Démocratie industrielle, un idéal européen ? Discours et pratiques sur la démocratisation du travail après 1945.
Workplace democracy, a European ideal? Discourses and practices about the democratization of work after 1945.
Responsable IDHE.S Evry : Frank Georgi.
Post-doctorante : Aurélie Andry.
For the longest part of the 20th century, industrial democracy has been a vibrant movement that encompassed a broad spectrum of meanings, from internal union democracy over collective bargainind to co-determination at shop-floor, enterprise, industry and national economic level. Since the beginning trade-unions have played a major role in the theoretical promotion and in the concrete management of workplace democracy in most European countries. Today, however, things look different. While there are instances of democracy in the business landscape, hierarchical forms of organization remain dominant and organizational democracy commands only scant attention in the media and in public life. The decline of workplace democracy is partially tied to that of trade-unionism, and certainly related to the transformations of the economic system of production. But it is also related to the decades-long domination of a liberal (as against social) conception of political democracy which reclaimed a rigid separation between the political and the economic spheres.
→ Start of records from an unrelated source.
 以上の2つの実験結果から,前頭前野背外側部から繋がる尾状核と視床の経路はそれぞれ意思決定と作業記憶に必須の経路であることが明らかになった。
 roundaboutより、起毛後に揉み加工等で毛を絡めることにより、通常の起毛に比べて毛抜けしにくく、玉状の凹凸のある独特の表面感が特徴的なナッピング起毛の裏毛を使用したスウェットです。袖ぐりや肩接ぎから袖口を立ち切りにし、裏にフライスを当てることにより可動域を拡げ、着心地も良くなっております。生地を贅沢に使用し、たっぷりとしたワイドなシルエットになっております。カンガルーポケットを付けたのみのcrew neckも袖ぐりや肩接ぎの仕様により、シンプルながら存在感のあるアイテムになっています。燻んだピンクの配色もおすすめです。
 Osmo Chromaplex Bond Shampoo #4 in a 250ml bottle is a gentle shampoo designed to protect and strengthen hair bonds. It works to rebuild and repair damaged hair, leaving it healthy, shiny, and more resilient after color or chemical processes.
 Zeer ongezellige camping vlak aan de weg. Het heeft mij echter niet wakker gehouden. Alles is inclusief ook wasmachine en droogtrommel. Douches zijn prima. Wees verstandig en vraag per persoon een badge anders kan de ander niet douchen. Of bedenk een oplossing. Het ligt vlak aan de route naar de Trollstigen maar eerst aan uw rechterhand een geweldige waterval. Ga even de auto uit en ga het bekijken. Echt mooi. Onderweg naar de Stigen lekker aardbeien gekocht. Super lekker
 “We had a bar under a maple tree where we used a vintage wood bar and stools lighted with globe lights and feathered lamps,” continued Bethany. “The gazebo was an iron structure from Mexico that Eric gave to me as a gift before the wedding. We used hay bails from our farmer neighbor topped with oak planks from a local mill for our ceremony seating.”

In the last years there are, however, signs that the ideal of WD is getting new traction. in the academia, we observe a wide array of new publications appearing in many different disciplines such as political theory, social and political science, history, legal theory, economy, management, and work psychology. At the political level, a new EU Directive "on establishing the principle of democracy at work, in capital, and in every field of economic life" has just been drafted, and the European Trade Union Institute is actively promoting the idea among its national partners.
In this project we want to investigate the history of this idea, exploring its moments of splendor as well as its moments of downturn and near disappearance.
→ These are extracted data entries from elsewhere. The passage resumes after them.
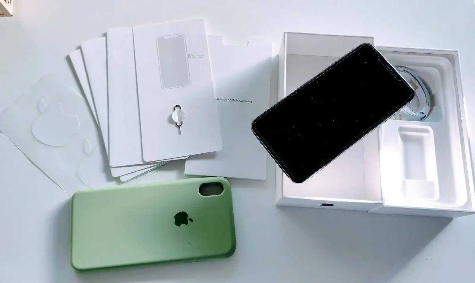 Incluye una funda de silicona verde Apple en perfecto estado.
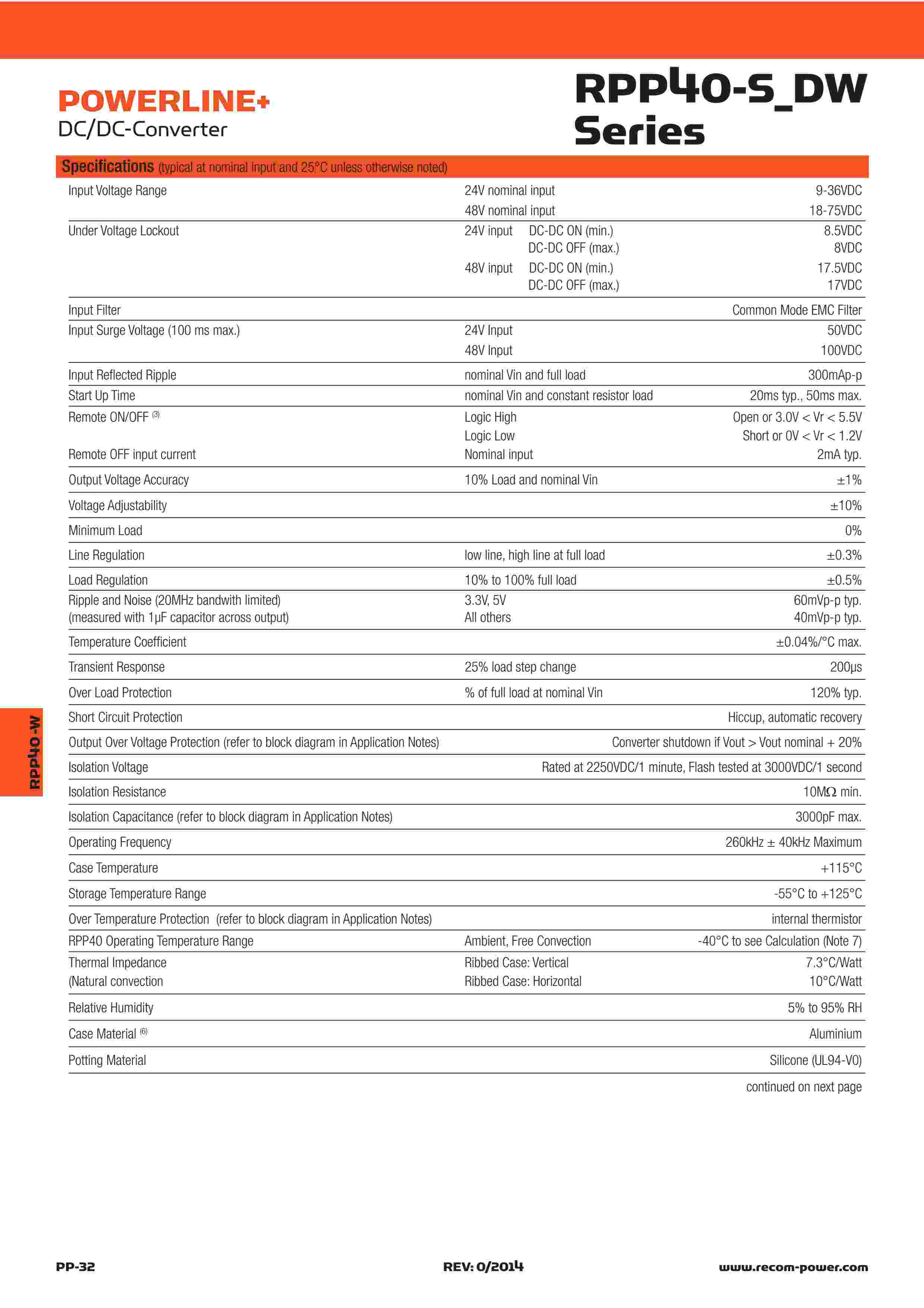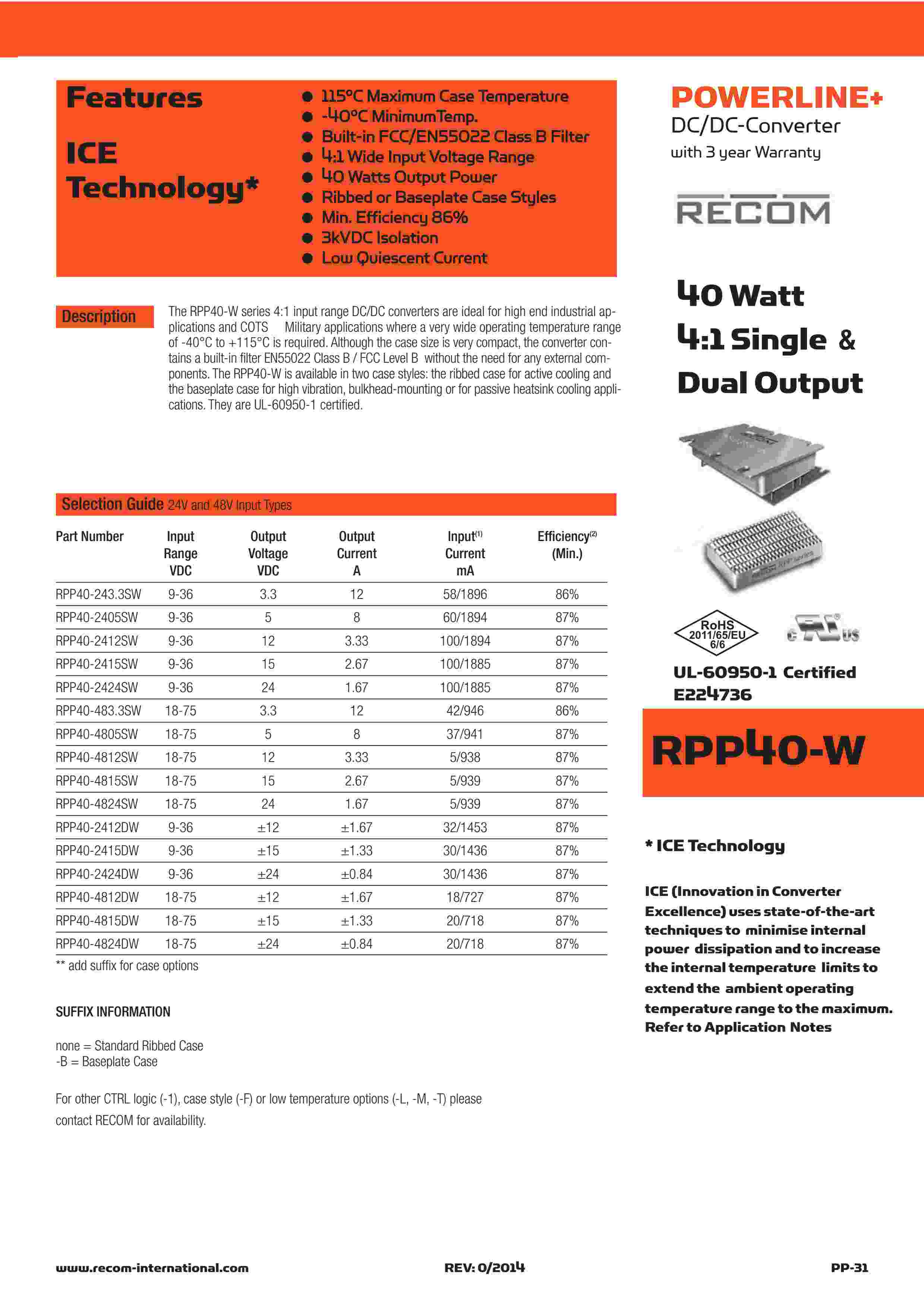 | 描 述: | ● 115°C Maximum Case Temperature● -40°C MinimumTemp.● Built-in FCC/EN55022 Class B Filter● 4:1 Wide Input Voltage Range● 40 Watts Output Power● Ribbed or Baseplate Case Styles● Min. Efficiency 86%● 3kVDC Isolation● Low Quiescent Current | ||
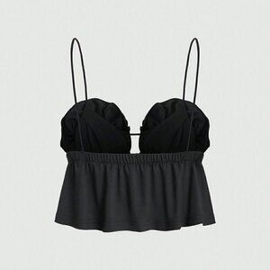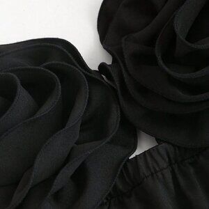Black Sexy Women's Hollow Out Front Tank Top With 3d Flower Decor
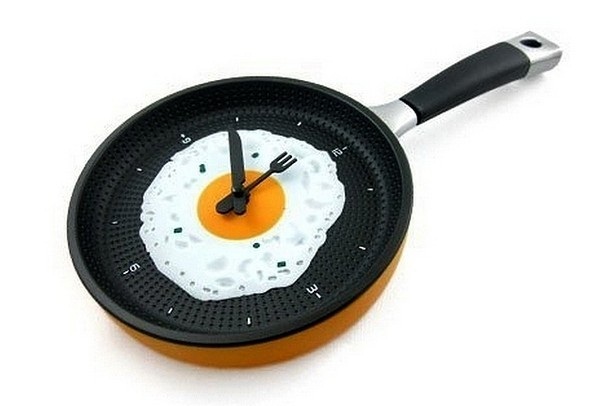 Предлагаем оценить новую идею, которая придется по вкусу в первую очередь хозяйкам с нетривиальным взглядом на оформление их кухонных помещений. Яичница-глазунья с ярко-оранжевым желтком и пузырящимся белком растеклась по сковородке и выглядит очень натурально и аппетитно. Эффект усиливают стрелки в виде ножа и вилки, кружащие вдоль расположенных на дне сковородки белых арабских цифр и индексов.
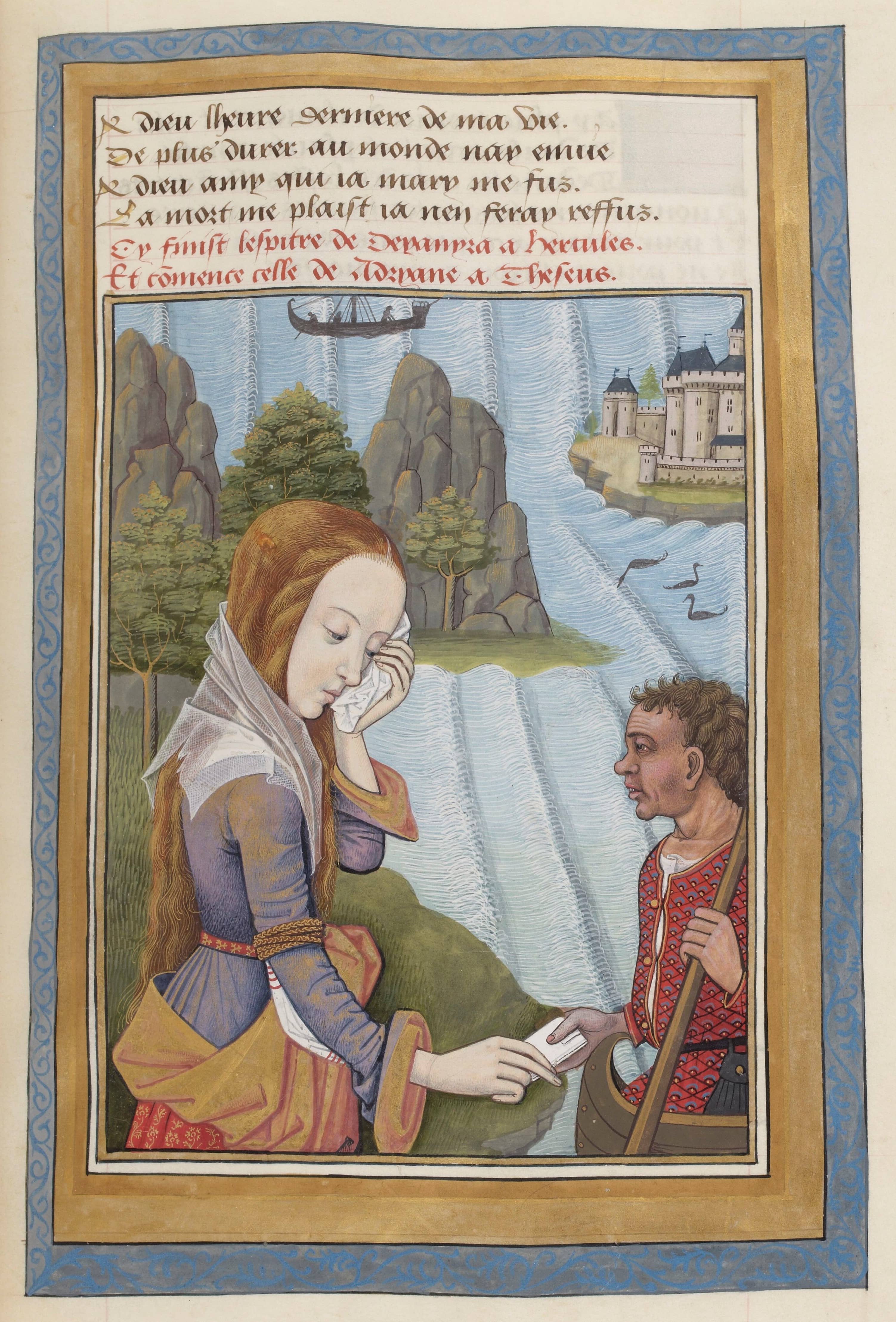 Ariadne writes a letter to Theseus Illuminated manuscript, by Robinet Testard, 1496–97 Bibliothèque nationale de France |

We will do it through the historical lenses of conceptual and social history, exploring how this idea has been shaped by academic and non-academic discourses, by social practices, and by social struggles.
The project will focus on two main institutional actors: academia and the trade unions, exploring their interactions, mutual influences and trajectories.
This specific approach is justified by the nature of our research object. First, although the role of academic scholars in theorizing workplace democracy is undisputed, the distinctive role played by different academic disciplines is largely understudied. This is due not only to the essential lack of communication across disciplinary fields, but also to the great variability of the object. Second, trade unions have played a moajor yet historically variable role in social struggles to achieve workplace democracy. At the same time, beside academia, trade unions and their research institutions have been the most omportant knowledge producer in this field, unrivaled by any other social institution. Third, trade unions and academia have constantly interacted influencing each other in multiple ways which have been hardly studied.